Murder she beeped
Earlier this March, Amazon was given the OK by a defendant to hand over recordings to the court that Alexa and the Echo online speaker system may have made of a murder. This is one of the first times that testimony from an always-online device has been requested in a murder case.
It is much more than your average hot tub murder after a football game. This is the trend-setting criminal case for the modern always-on age — because home appliances are now positioned to be the star witnesses in court.
These two electronic witnesses represent the two types of new devices flooding into our homes: a music-streaming Echo device from Amazon and an IoT smart-meter measuring water consumption. And yes, just like your mobile phone plan, there is a difference in how voice and data are treated.
It’s been a long time coming
The sad saga began way back in November 2015 when a certain Victor Collins was found dead in the hot tub of a James Bates in Bentonville, Arkansas. The death was originally positioned as an accidental drowning death, a combination of perhaps too much hot water and alcohol.
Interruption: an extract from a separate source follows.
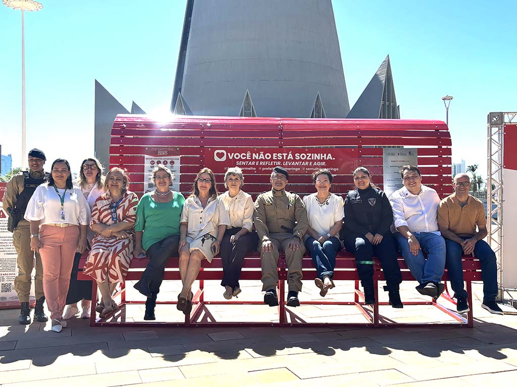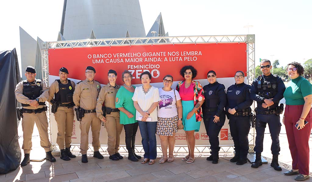A Prefeitura de Maringá, por meio da Secretaria de Políticas Públicas para Mulheres (Semulher), inaugurou naquarta-feira (26) o Banco Vermelho na Praça da Catedral. Instalado em um dos locais de maior circulação da cidade, a intervenção convida a população a refletir e agir em defesa das mulheres. O equipamento integra o circuito oficial do Instituto Banco Vermelho, reforçando a campanha nacional ‘Feminicídio Zero’. Maringá é o primeiro município do Paraná a aderir ao projeto e o segundo da região Sul.
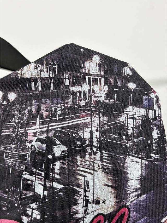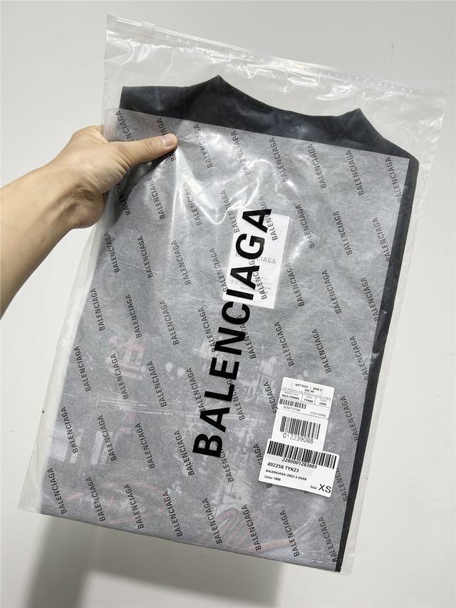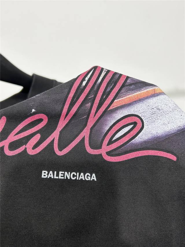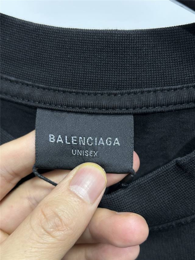 Balenciaga Balenciaga new washed and distressed process! Eiffel Tower Kangli digital print short-sleeved T-shirt on the chest! The pattern uses digital direct injection technology!

But, the police were suspicious of bruises on the body of the deceased. But what could have been a simple “he said and the other guy said” case, became much more interesting for technology buffs when it became known that there was an Echo device playing music next to the hot tube and a smart meter measuring water consumption at the house. Even if there was no smoking gun, there might be a smoking device that recorded the murder.
Alexa heard that
The Echo wireless speaker is just one of the growing wave of always-on voice-activated services. By recording around 30 seconds and processing these comments with the help of Alexa and AI, it is changing the way people listen to music, search on the internet, and even run their businesses. So far, Alexa has primarily gotten press coverage for misinterpreting user requests, with a six-year-old girl asking Alexa: “Can you play dollhouse with me and get me a dollhouse?” with Alexa responding by ordering a $170 (£140) KidKraft dollhouse and some sugar cookies. Even worse, a TV news report on this led to additional listeners ordering dollhouses by mistake.
But under the comedy, the case of Mr. Collins raises the question of what Alexa is really listening to … and who controls the subsequent recordings. With Alexa connected to a growing range of home devices ranging from fridges to lighting, Alexa is positioned to overhear about everything that happens in a connected household.
IoT recorded that
The second-star device that could testify is the smart water meter at the Bates home. While the device specifics have not been released, it seems that the meters can either continuously/send data on water consumption back to the city utilities department – or just take a spot reading every hour or so. As most IoT devices might do, the smart water meter sent back news that water consumption at the Bates house was over 530 liters between 1:00 and 3:00 AM on the night that Mr. Collins died, a volume that corresponded to other signs of the deck being hosed off.
Your voice is special … your data is not
As the first case of its kind, it appears that voice recordings are being treated differently than data recordings. This may be linked to the American protection against self-incrimination and the right to remain silent (think of the Miranda warnings). Data recordings, particularly if the device is not owned by the individual, might not be protected. But, we are in new legal territory here. But with millions of Alexa-powered devices sold and IoT connect-ability extending to everything from hairbrushes to condoms, watch this space. More court cases will be coming.